As written and without pictures, set down the lines from the one that contains "Here’s an example" through the end of the data.
:: Provided data
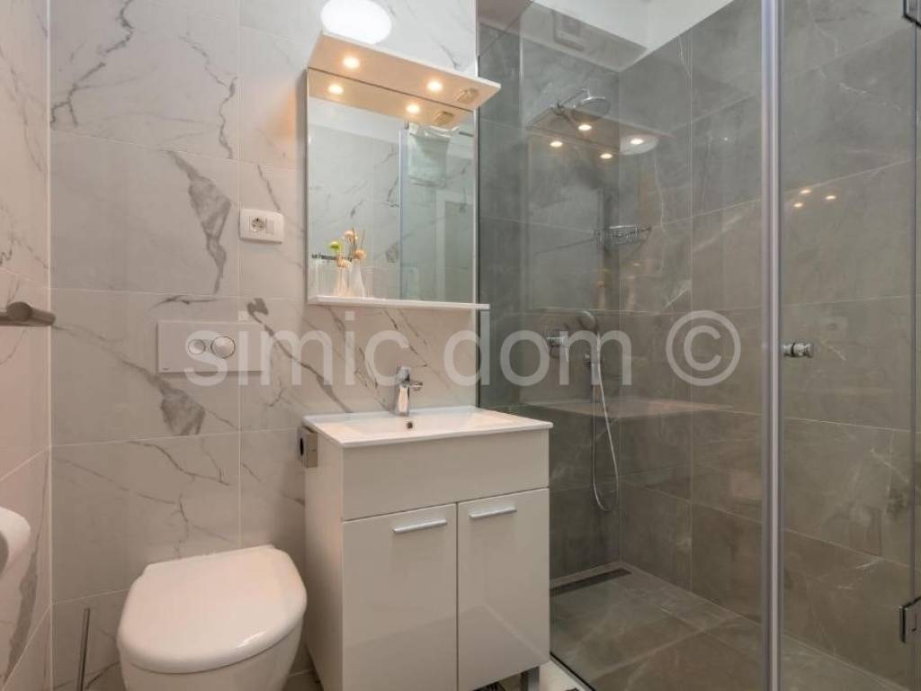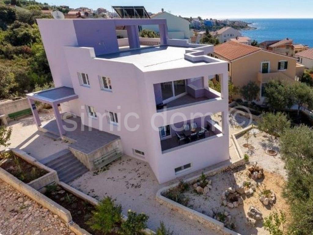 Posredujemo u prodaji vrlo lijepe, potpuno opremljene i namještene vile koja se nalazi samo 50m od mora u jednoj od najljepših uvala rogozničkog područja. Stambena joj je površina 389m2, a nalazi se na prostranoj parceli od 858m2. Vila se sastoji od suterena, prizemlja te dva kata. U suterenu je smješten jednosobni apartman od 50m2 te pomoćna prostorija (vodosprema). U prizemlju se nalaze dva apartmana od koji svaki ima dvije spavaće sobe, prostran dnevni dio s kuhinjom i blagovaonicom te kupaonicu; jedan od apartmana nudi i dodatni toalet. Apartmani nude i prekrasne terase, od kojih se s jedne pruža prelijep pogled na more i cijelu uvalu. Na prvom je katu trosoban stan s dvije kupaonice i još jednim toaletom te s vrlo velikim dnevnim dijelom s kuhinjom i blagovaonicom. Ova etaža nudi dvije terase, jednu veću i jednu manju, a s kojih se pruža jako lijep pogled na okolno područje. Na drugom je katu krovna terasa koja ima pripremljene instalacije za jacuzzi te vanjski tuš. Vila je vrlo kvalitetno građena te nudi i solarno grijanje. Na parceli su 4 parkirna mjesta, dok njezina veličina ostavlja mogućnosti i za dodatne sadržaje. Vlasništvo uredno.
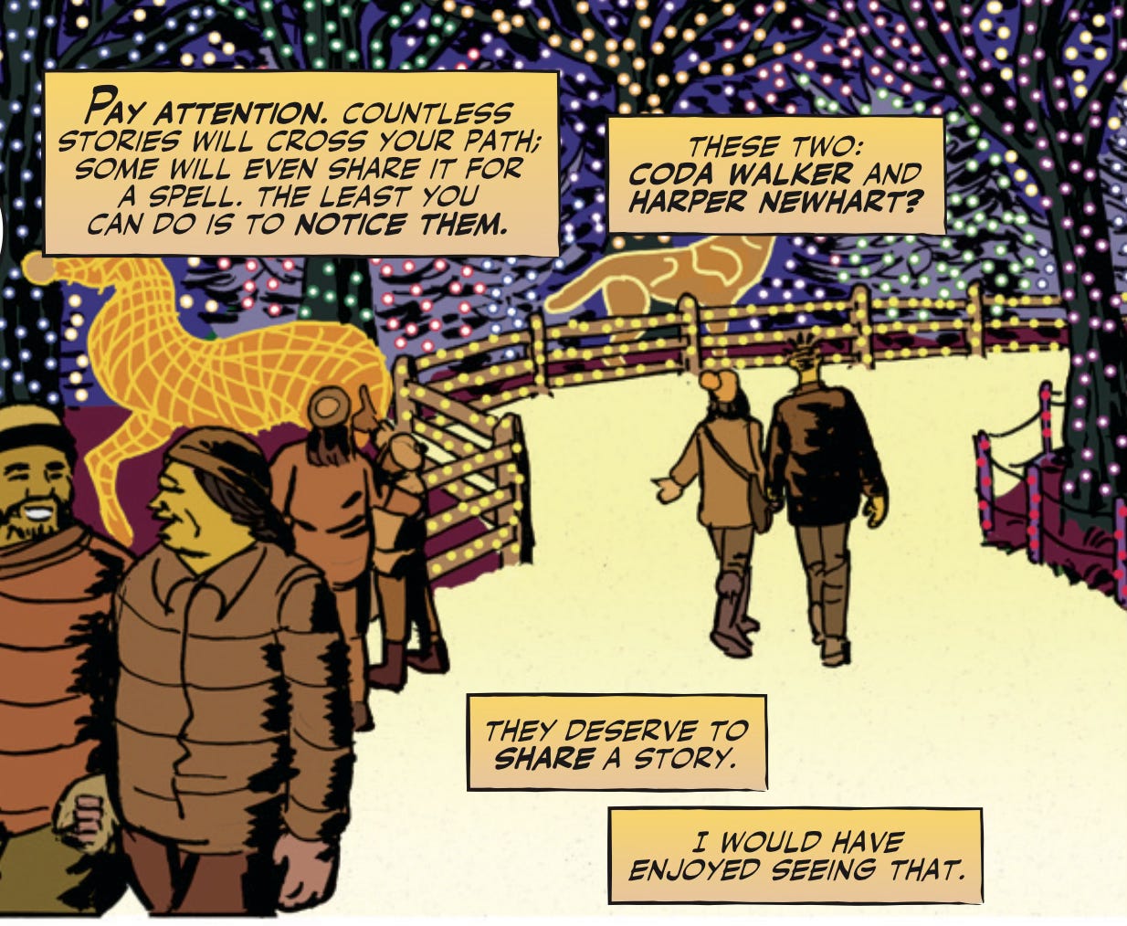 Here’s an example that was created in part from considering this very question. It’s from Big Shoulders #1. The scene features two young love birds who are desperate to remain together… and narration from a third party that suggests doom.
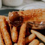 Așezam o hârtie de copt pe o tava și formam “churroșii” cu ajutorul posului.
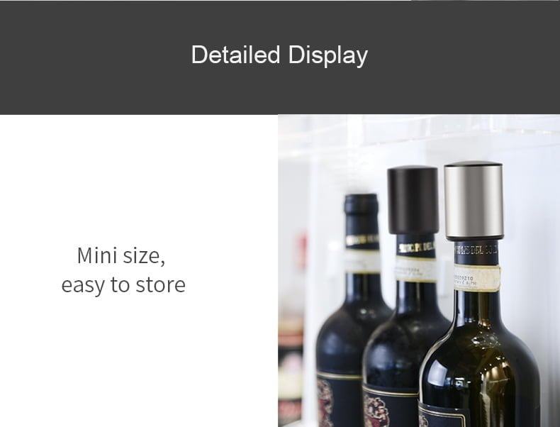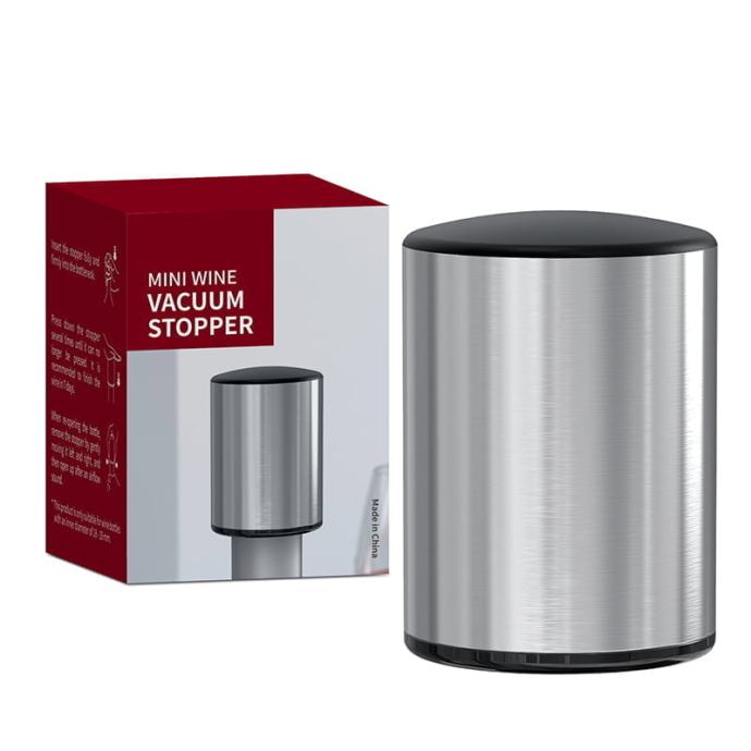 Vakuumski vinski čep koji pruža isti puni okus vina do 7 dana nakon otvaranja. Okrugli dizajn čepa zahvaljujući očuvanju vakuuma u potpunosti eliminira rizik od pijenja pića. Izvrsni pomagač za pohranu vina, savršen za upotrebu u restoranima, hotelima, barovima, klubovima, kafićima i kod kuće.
::::
▶ [Response below]:
 Here’s an example that was created in part from considering this very question. It’s from Big Shoulders #1. The scene features two young love birds who are desperate to remain together… and narration from a third party that suggests doom.
 Așezam o hârtie de copt pe o tava și formam “churroșii” cu ajutorul posului.
 Vakuumski vinski čep koji pruža isti puni okus vina do 7 dana nakon otvaranja. Okrugli dizajn čepa zahvaljujući očuvanju vakuuma u potpunosti eliminira rizik od pijenja pića. Izvrsni pomagač za pohranu vina, savršen za upotrebu u restoranima, hotelima, barovima, klubovima, kafićima i kod kuće.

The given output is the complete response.